You’ve got more chance of seeing a hog roast and beer festival at a mosque than of seeing me take that vaccine.
I’ll take it when I am convinced it is safe. I think about 20 or 30 years should suffice.
Do Pfizer have a mass-production process ready? Do we have the infrastructure of freezers? The existing infrastructure is already taken up with flu jabs
Apparently the Cryogenic Warfare Corps will handle the distribution of this wonder drug designed to attenuate the symptoms of Covid.
The only reason the uk is in lockdown is so that it can be lifted when the vaccine is rolled out.
Trump is out of office it seems. There is little more political mileage to be had from Co-chan. I imagine it will gradually fade away once Biden is installed in the White House.
“You’ve got more chance of seeing a hog roast and beer festival at a mosque than of seeing me take that vaccine.”
Ditto here, for the Pfizer/Moderna ones. Both are auto-immune diseases in a syringe. If I am forced to have one I’ll have the Oxford one. It probably won’t work, but at least it won’t make your body try to eat itself.
I can only echo BiW and Jim above. The Pfizer/Moderna vaccines are highly experimental and have been rushed through trials. We, the public, are to be their petri dish. The Oxford one is more traditional. So, if I’m backed into a corner, I’ll insist upon that one.

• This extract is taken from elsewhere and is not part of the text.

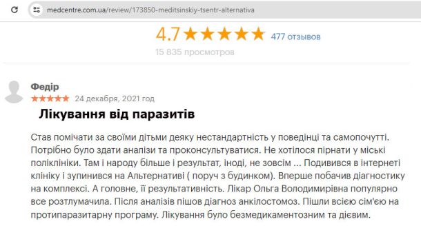 Тільки тут мені допомогли позбутися цієї неприємної хвороби. Я її постійно заліковувала. Зараз уже два роки я про неї не згадую. Відгук вирішила написати, щоб якщо комусь потрібно, то розуміли, що тут її можуть деактивувати. Але хочу одразу звернути увагу, я дотримуюся зараз вже правильного харчування, так як лікар рекомендував. Коли було лікування, то воно не полягало у прибиранні симптомів. Лікували ШКТ, налагодили його роботи, вичистили все сміття і все прийшло в норму. Тому щиро рекомендую Альтернативу!
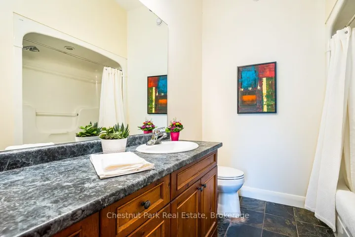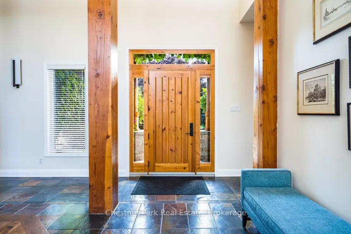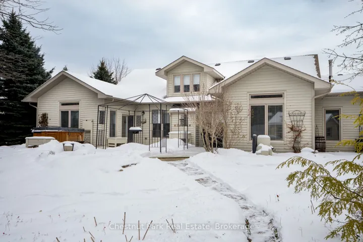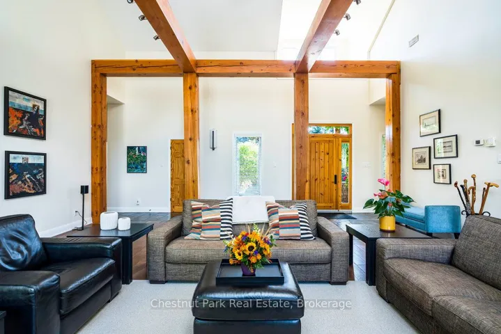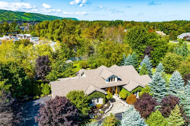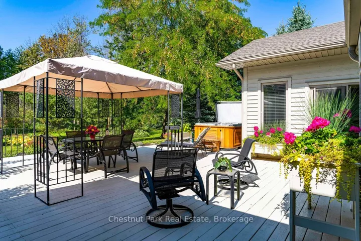 OPEN HOUSE Saturday April 11th – 1 – 3 PM – Imagine living just two minutes from Blue Mountain’s ski hills, golf courses, shops, restaurants, and everything Collingwood has to offer. Hop on your bike and in 15 minutes you’re riding the Pretty River Valley–one of the region’s most scenic road cycling routes. Set on a private 1-acre lot in a park-like setting, this executive ranch-style bungalow with 2 car garage offers easy access to the area’s best walking and biking trails, making it an ideal base for four-season living. Beautifully landscaped and surrounded by mature trees and perennial gardens, this home offers 2,532 square feet of finished living space, including 4 bedrooms (one currently used as a study), 3 full baths, and a cozy media room. Radiant in-floor heating and a split ductless system ensure year-round comfort. In the great room, a soaring 17.5 vaulted ceiling and wood beams create a sense of warmth and grandeur, anchored by a modern fireplace that draws you in. The open-concept layout blends the great room, gourmet kitchen and dining area, making it perfect for entertaining. Step outside to an oversized back deck with hot tub and covered gazebo–an ideal setting for relaxing or gathering with family and friends. A charming studio at the rear of the property offers a creative hideaway, whether for kids, artists, or as a private retreat. With space to add a pool or dedicated play area, this home offers endless opportunities for outdoor living. Don’t miss your chance to own a slice of Collingwood’s lifestyle–where comfort, recreation, and nature meet.

Ask anyone who has Lupus what it’s like to have an autoimmune disease.
Diogenes, they started manufacturing at scale during the trial, such was their confidence in its marketability. There’s a huge stockpile waiting to ship.
Not that I expect to have a realistic choice, but I will happily be at the back of the queue. I don’t doubt it works, or that it’s basically safe, but my risk of suffering anything unpleasant from covid is zero (cos I already had it), so no benefit/risk calculation is positive for me.
There is the little matter of getting our freedoms back, and working out how best to serve up some cold revenge for the global political overreach. Clearly human rights aren’t worth the paper they are printed on. Not when everyone is being fucked over, at least.
This short article is worth reading: Dr. Wodarg and Dr. Yeadon request a stop of all corona vaccination studies and call for co-signing the petition.
Clearly human rights aren’t worth the paper they are printed on.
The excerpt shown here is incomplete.